Task
Everything from the line with "A Dózsa u. Y" to the final line of the entries is to be set down exactly, except the pictures.

Input data
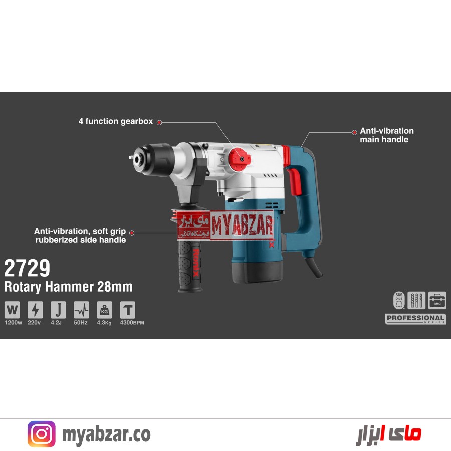 دریل بتن کن رونیکس مدل Ronix 2729 مجهز به موتور قدرتمند 1200 واتی با قابلیت تنظیم دستگاه برای اجرای 4 عملکرد مجزا اعم از سوراخکاری، سوراخکاری چکشی، تخریب و هرزگرد مته
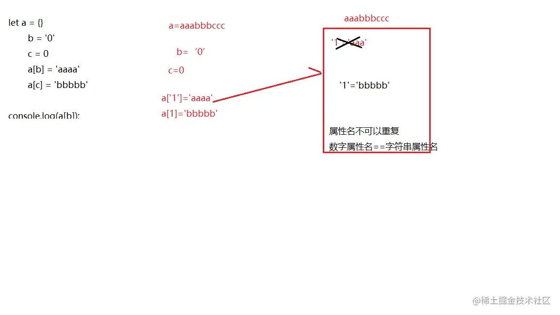 因为a是引用内存,而引用内存是按照堆来运行的而在底层运行时,a指向的是内存地址aaabbbccc,b和c分别存储为基本类型值,a[b],a[c]相当于在a中创建出a['1']/a[1],对于一个堆或者fun来说属性名不能重复,无论是字符串0还是数字0在这里都代表0,那么数组属性名是索引属性名可以为数字 ,但在对象中编译机制中数字和字符串是相等的,那么这里就可以知道a[1]不是新添加而是更改。
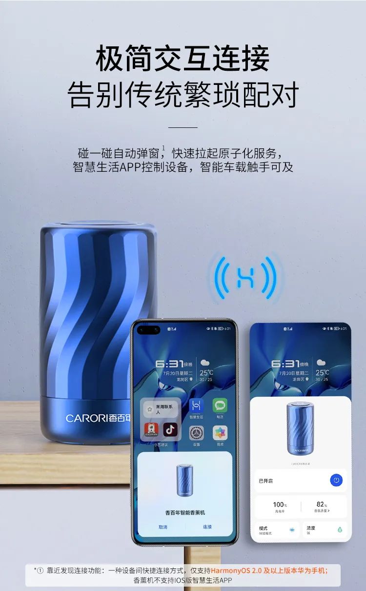 香百年智能香薰機后續版本升級支持HarmonyOS Connect。未來,香百年也將與HarmonyOS Connect及眾多生態伙伴一起創造更多可能,共同開啟智慧車載創新生態!
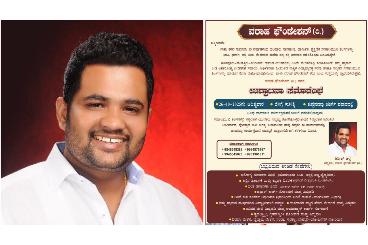 ಪುತ್ತೂರು : ಬಡ ಅನಾರೋಗ್ಯ ಪೀಡಿತರಿಗೆ ಸಹಾಯ, ಆರ್ಥಿಕವಾಗಿ ಹಿಂದುಳಿದ ಮಕ್ಕಳ ವಿದ್ಯಾಭ್ಯಾಸಕ್ಕೆ ನೆರವು, ಹಾಗೂ ಇನ್ನಿತರ ಸಮಾಜಮುಖಿ ಕೆಲಸಗಳನ್ನು ಮಾಡುವ ಉದ್ದೇಶದಿಂದ ಗಿರೀಶ್ ಆಳ್ವ ಅವರ ನೇತೃತ್ವದಲ್ಲಿ ಪ್ರಾರಂಭಿಸಿದ ವರಾಹ ಫೌಂಡೇಶನ್ ( ರಿ ) ಇದರ ಉದ್ಘಾಟನಾ ಸಮಾರಂಭ ನಾಳೆ (26-10-2025) ಬೆಳಗ್ಗೆ 9.30 ಕ್ಕೆ ಕುಪ್ಪೆಪದವು ಚರ್ಚ್ ವಠಾರದಲ್ಲಿ ನಡೆಯಲಿದೆ ಎಂದು ಸಂಘಟಕರು ತಿಳಿಸಿದ್ದಾರೆ.
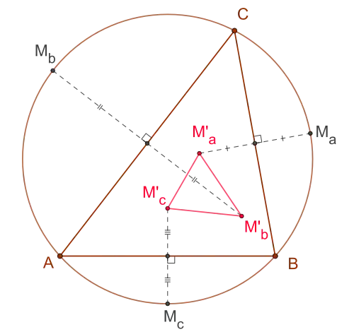 For a given triangle and its circumcircle the midpoints of the arcs over triangle sides are denoted by . Those midpoints get reflected at the associated triangle sides yielding the points , which forms the Fuhrmann triangle.[1][2]
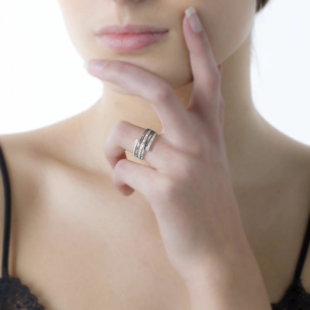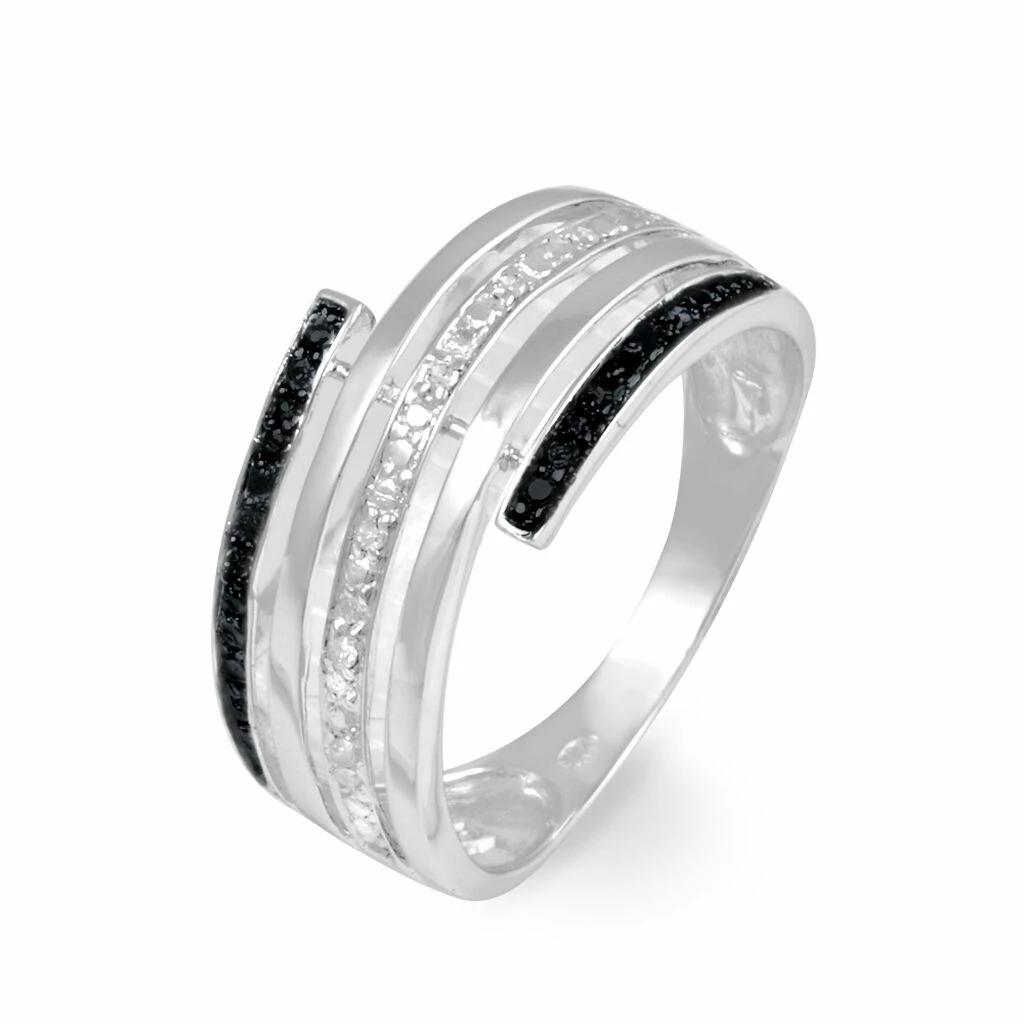 Bague Or Blanc 375/1000 Large Diamants Blancs Et Noirs
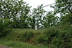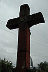 A Dózsa u. Y elágazásában található ez a kopott, törött kereszt. Egy dróthálós fakerítés veszi körül. Nem nagyon gondozzák, bár 2 mécsest találtunk rajta. A festés kopott, a felirat nem látszik. Felújításra szorul.
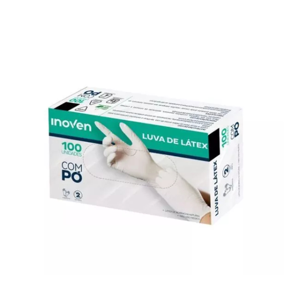 Kit 1 e 2 Caixas Luvas de Látex Inoven Branca com Pó Descartável Caixa com 100 Unidades
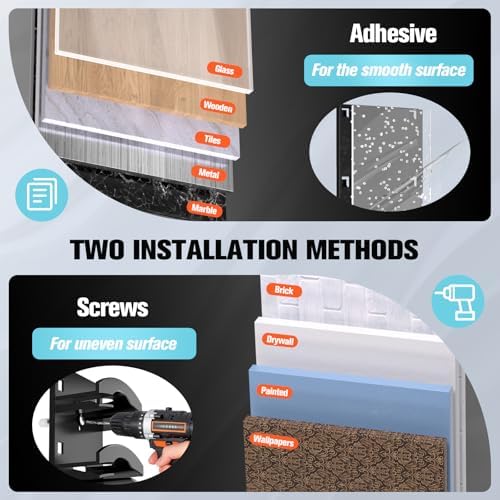 TWO INSTALLATIONS METHODS: Hat Rack for wall can be installed in two ways: self-adhesive and screw drilled holes. You can choose the appropriate method according to the usage scenario. Note: Due to the firm sticking, please confirm the direction and position before sticking, the part of the wall plate with holes is the top to avoid forming repeated tears
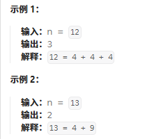 的完全平方数的最少数量 。完全平方数 是一个整数,其值等于另一个整数的平方;换句话说,其值等于一个整数自乘的积。例如,
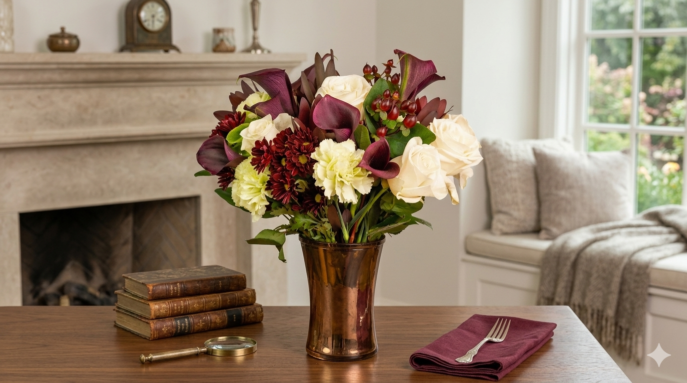 Bringing the essence of love to that special someone, is all the need to know how special they are!! These grogeous blooms bouquets have calla lillies, Vendela roses, green carnations, burgundy hypericum, red pom pon daisy.
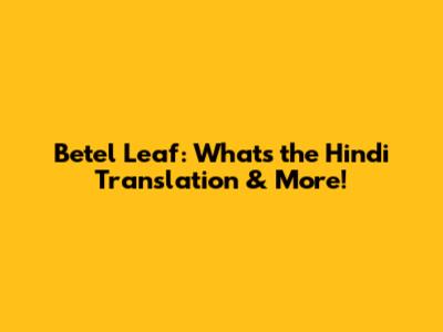 Betel Leaf: What's The Hindi Translation & More!
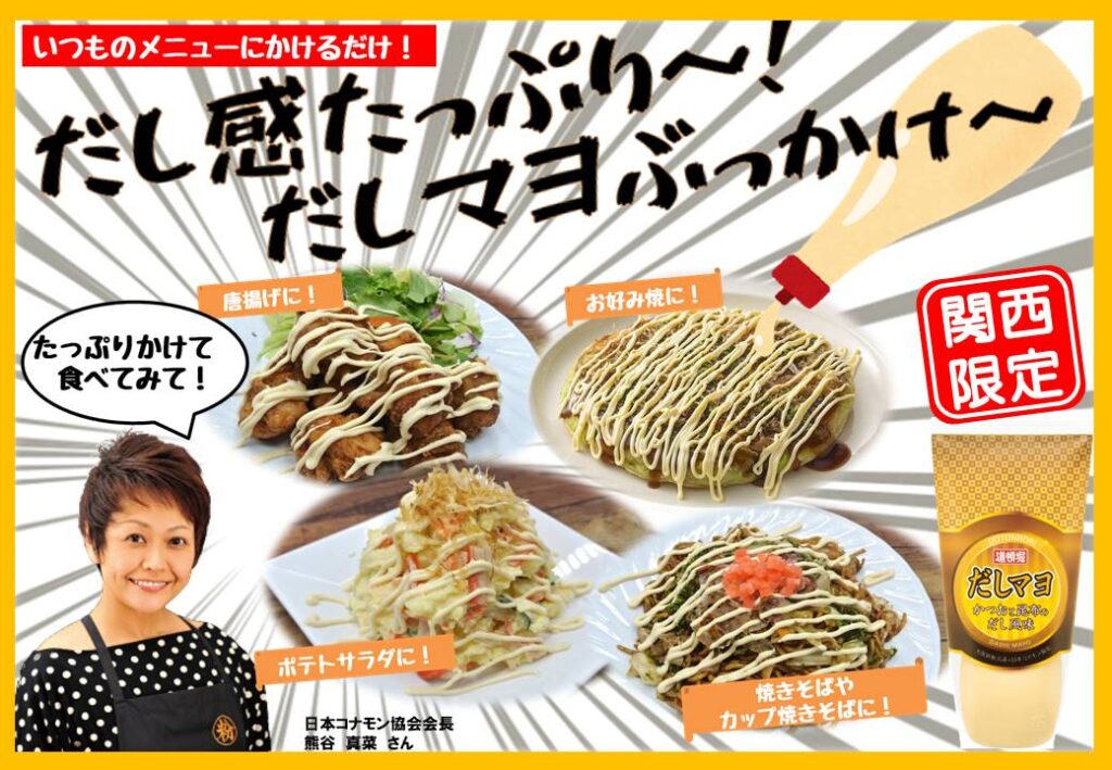 2015年、道頓堀開削400年を記念して、キユーピーさんから登場した「だしマヨ」。おかげさまで、新発売から6年目にはいりました。 関西限定発売ですが、おみやげにも御利用いただいてるそうで、嬉しいです。 こちらのPOPは、
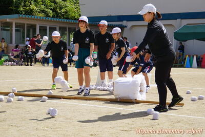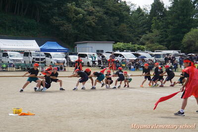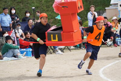 団体種目は、ブロックごとに実施しました。チェッコリ紅白玉入れ、綱引き、美山ダービーと、紅白がそれぞれに力を合わせて、全力で戦いました。
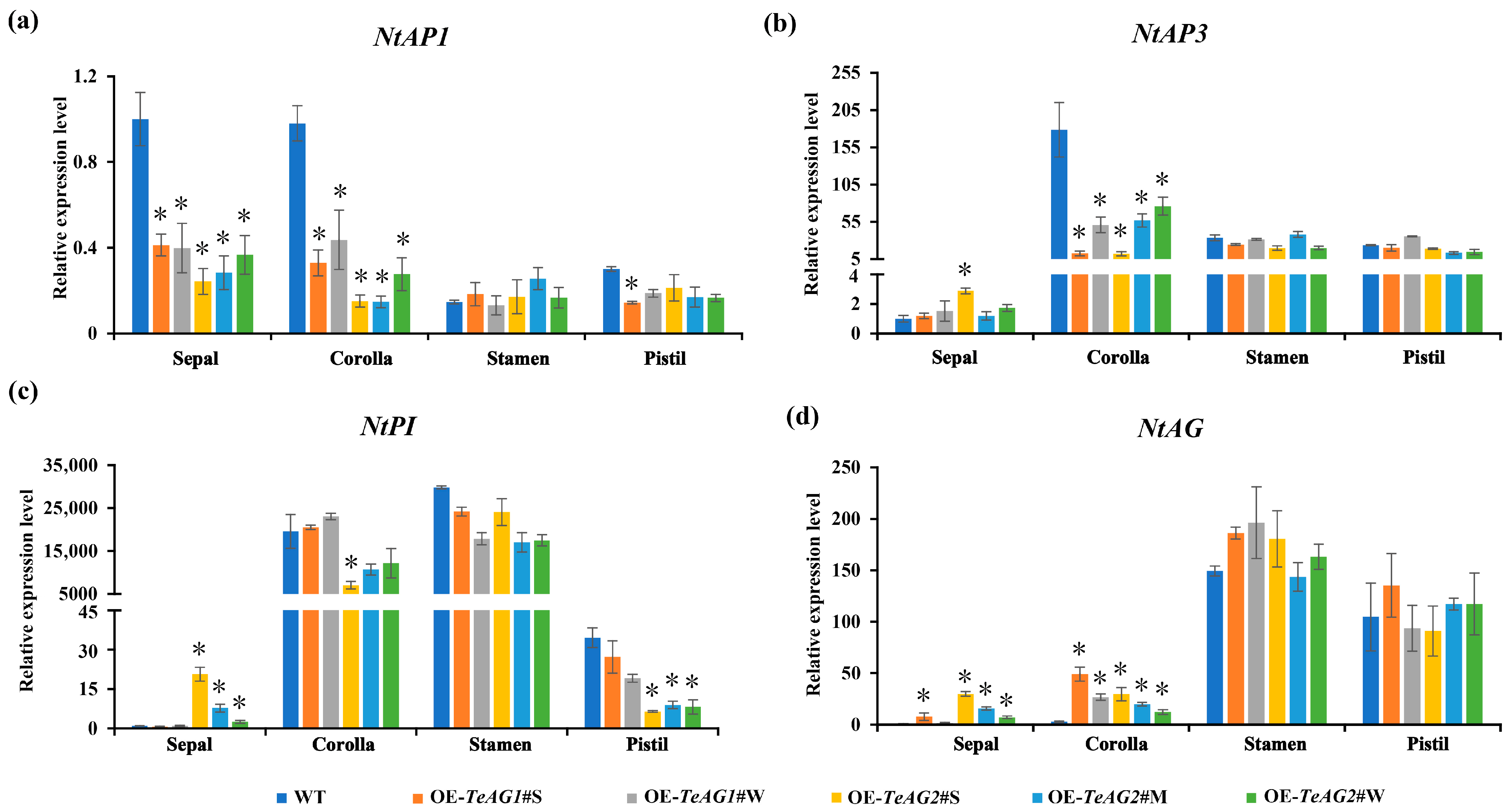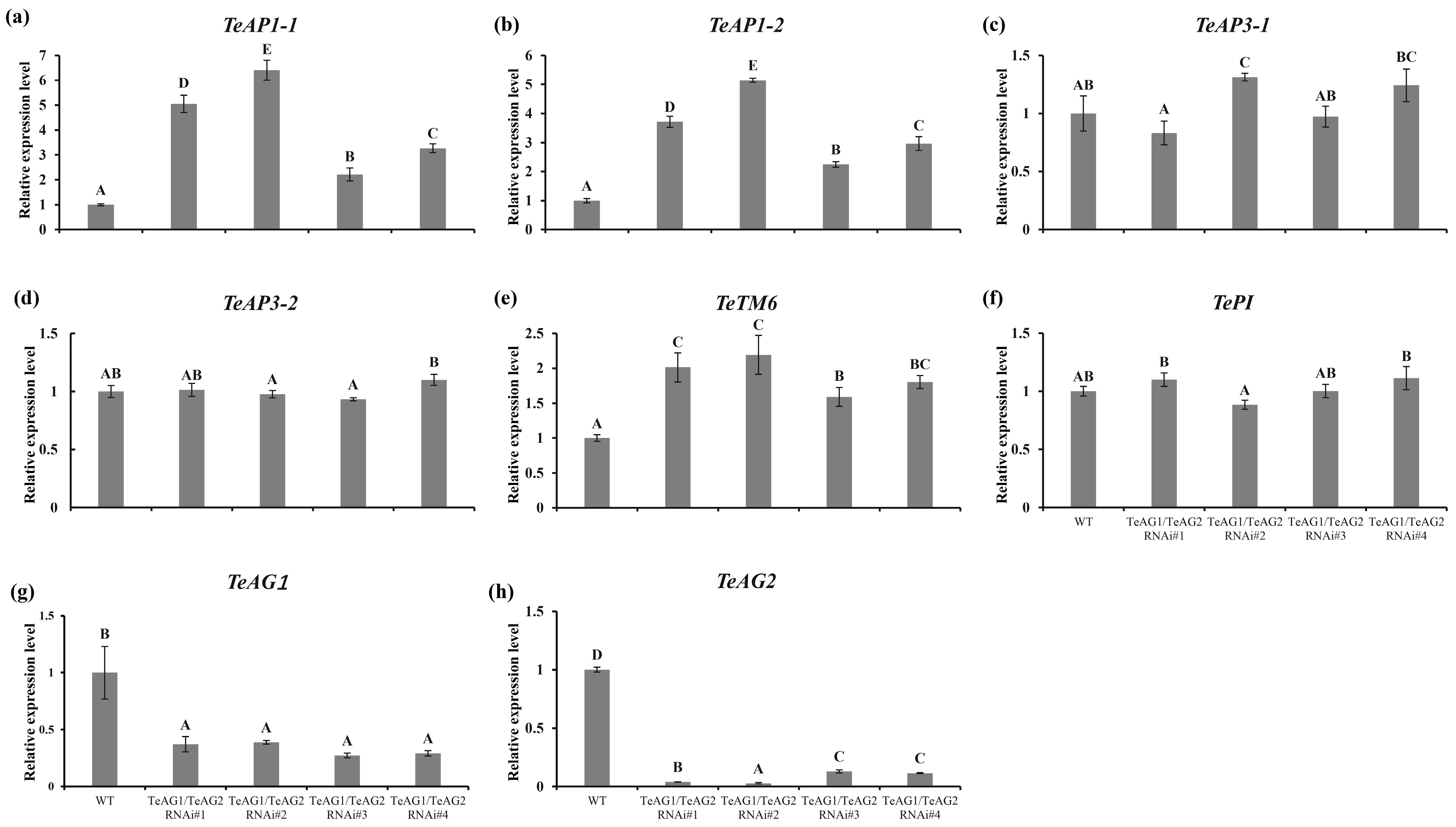 4.3. TeAG Genes Play Divergent Functions in Determining Floral Organs

Exercise output
 A Dózsa u. Y elágazásában található ez a kopott, törött kereszt. Egy dróthálós fakerítés veszi körül. Nem nagyon gondozzák, bár 2 mécsest találtunk rajta. A festés kopott, a felirat nem látszik. Felújításra szorul.
 Kit 1 e 2 Caixas Luvas de Látex Inoven Branca com Pó Descartável Caixa com 100 Unidades
 TWO INSTALLATIONS METHODS: Hat Rack for wall can be installed in two ways: self-adhesive and screw drilled holes. You can choose the appropriate method according to the usage scenario. Note: Due to the firm sticking, please confirm the direction and position before sticking, the part of the wall plate with holes is the top to avoid forming repeated tears
 的完全平方数的最少数量 。完全平方数 是一个整数,其值等于另一个整数的平方;换句话说,其值等于一个整数自乘的积。例如,
 Bringing the essence of love to that special someone, is all the need to know how special they are!! These grogeous blooms bouquets have calla lillies, Vendela roses, green carnations, burgundy hypericum, red pom pon daisy.
 Betel Leaf: What's The Hindi Translation & More!
 2015年、道頓堀開削400年を記念して、キユーピーさんから登場した「だしマヨ」。おかげさまで、新発売から6年目にはいりました。 関西限定発売ですが、おみやげにも御利用いただいてるそうで、嬉しいです。 こちらのPOPは、
 団体種目は、ブロックごとに実施しました。チェッコリ紅白玉入れ、綱引き、美山ダービーと、紅白がそれぞれに力を合わせて、全力で戦いました。
 4.3. TeAG Genes Play Divergent Functions in Determining Floral Organs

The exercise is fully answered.